The sheboon, not content, comes back later for round two. This time, she slams her hands down on the keyboard so hard that the whole instrument collapses onto the floor. In a display of faux remorse, the sheboon starts spewing some half-hearted apologies, all while reaching into the collection bucket and helping herself to a handful of the ricecel's hard-earned cash. And what does our fearless piano player do? Absolutely nothing, of course.
The Ricecel, being the pussy that he is, just stands there and takes it. Being raised on a diet of rice and bat soup, he knew he was no match for the sheboon, who, with her powerful build and intimidating demeanor, could probably have beaten the ricecel in a fistfight blindfolded and with one hand tied behind her back.
The sheboon was wearing a wig that looked like it was stolen from a mannequin, so she probably pocketed the ricecel's cash to fund her next wig-shopping heist, and used the left over change for a piping hot bucket of fried chicken and a juicy slice of watermelon.

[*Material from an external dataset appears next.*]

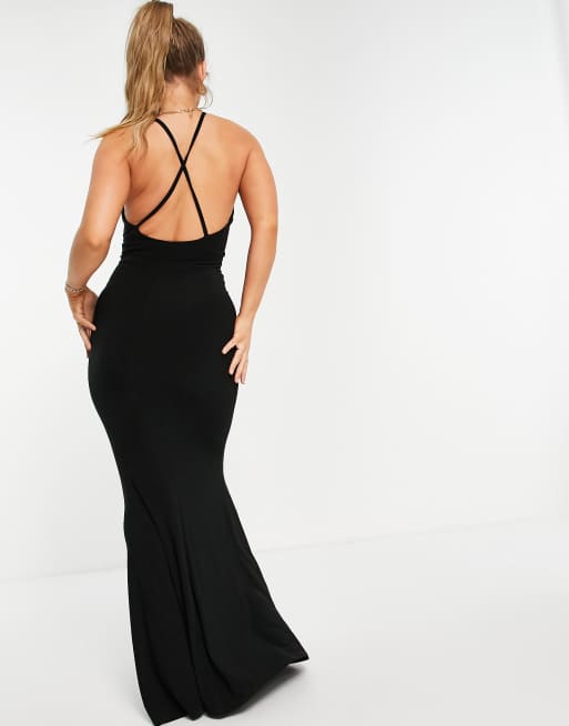 Club L London black plunge cross back fishtail maxi dress in black Very well made.

After the sheboon sauntered off, another guy comes along and takes pity on the ricecel, dropping some money into the bucket to make up for what was stolen. The Ricecel then says, "This restores my faith in humanity." This guy just got publicly humiliated, had his instrument destroyed, and his money stolen, all by a female, and he's ready to declare his faith in humanity restored because some random dude threw a few bucks his way out of pity. It's like he's so desperate for any shred of kindness or validation that he'll latch onto even the most meager of scraps.